The first “Italian” dish I remember was Chef Boyardee spaghetti. My family went grocery shopping every Friday evening and our fast food was Chef Boyardee spaghetti made with ground beef, onions and green peppers.

I thought pizza and this spaghetti were the that was the height of Italian food until my grandfather brought  one of his Italian hunting buddies to visit us and, learning that my favorite dish was spaghetti, the man said he would make spaghetti. This was serious stuff. He’d brought a little machine with him and made spaghetti, not the hard sticks out of the box, but soft, pliant threads. He made tomato sauce that seemed to take all day to make and involved buying provisions — tomato paste, fresh garlic and herbs, fresh tomatoes, a slab of real Parmesan cheese — in shops in an unfamiliar neighborhood.

He served this spaghetti with big fat meatballs, a mixture of beef, bread crumbs, Parmesan and herbs. At eight, I liked Chef Boyardee better, but I’ve progressed.

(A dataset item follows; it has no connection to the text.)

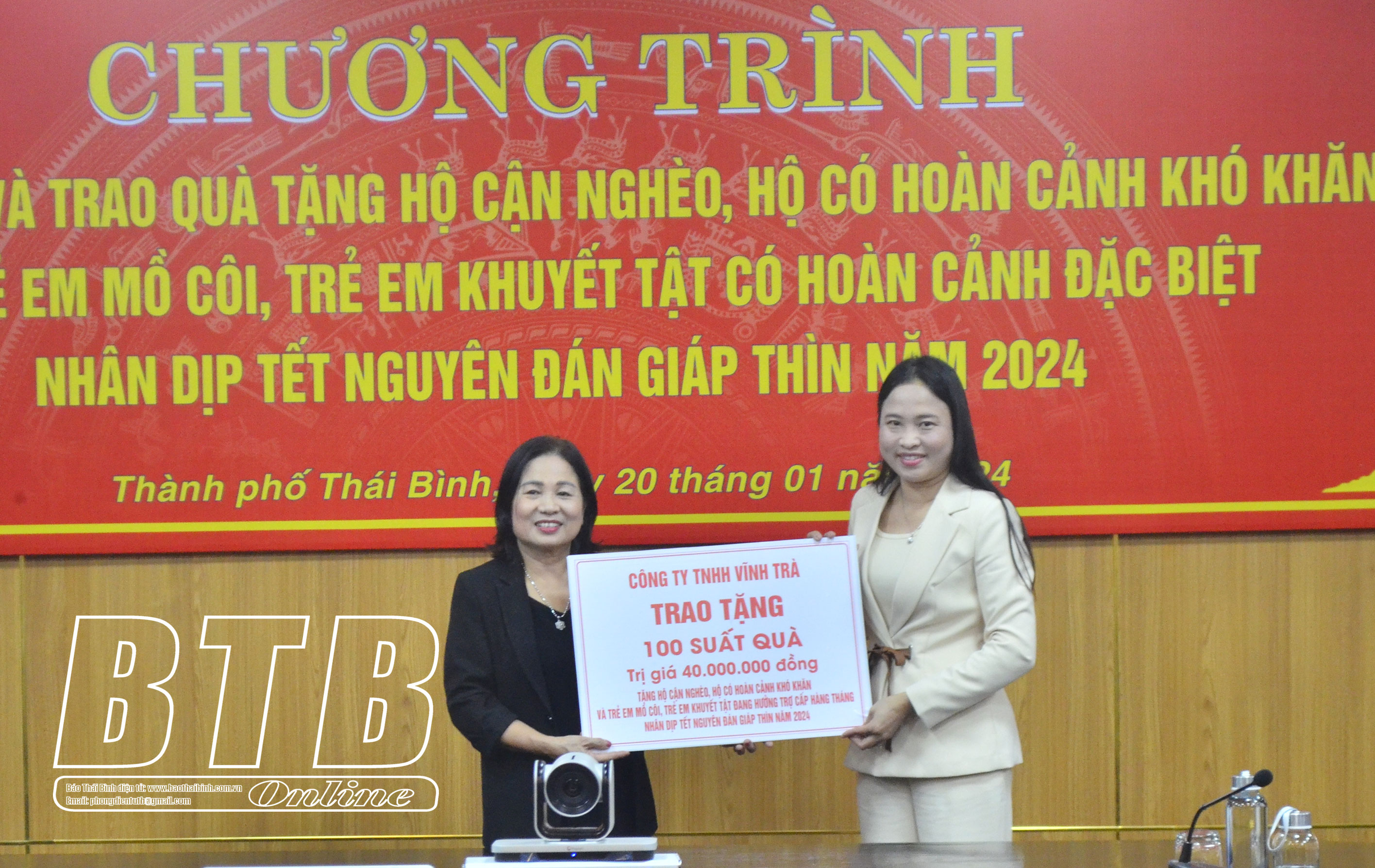 Lãnh đạo UBND thành phố tiếp nhận 100 suất quà từ Công ty TNHH Vĩnh Trà.
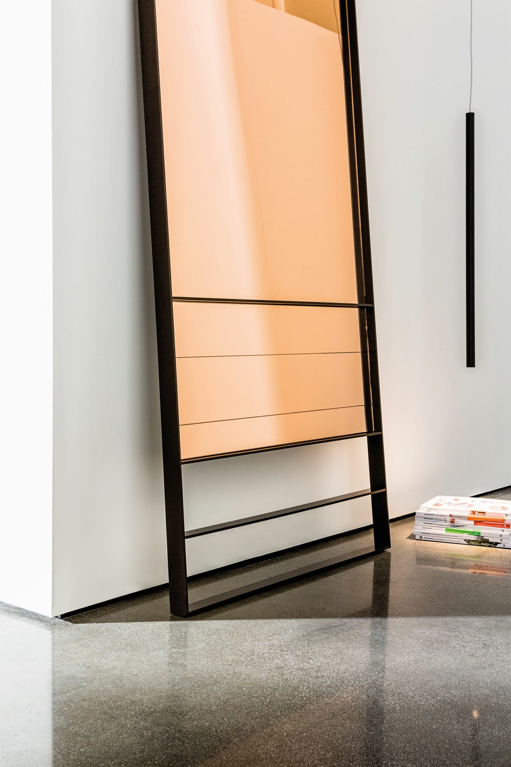 Floor or horizontal/vertical hanging rectangular metal framed mirror with lacquered metal frame, mocha or burnished brass finish. Central mirror available in different shades.

Living in Lebanon in the early 1970s — true, on the opposite side of the Mediterranean from Italy but still full of plenty of Italians and Italian restaurants — I was introduced to one of my favorite Italian dishes — risotto, a smooth and creamy rice dish, made with various vegetables, meat, seafood, and even fruit, in it. It was served with Osso Bucco, also a new dish for me, in some restaurant by the sea. Who knew that rice, a bone and some marrow could taste so good!

Since then, especially in the spring when the mint is coming into leaf and fresh peas are available, I make risotto at least once every couple of weeks, altering it with whatever fresh vegetables have shown up in the market or in my kitchen garden.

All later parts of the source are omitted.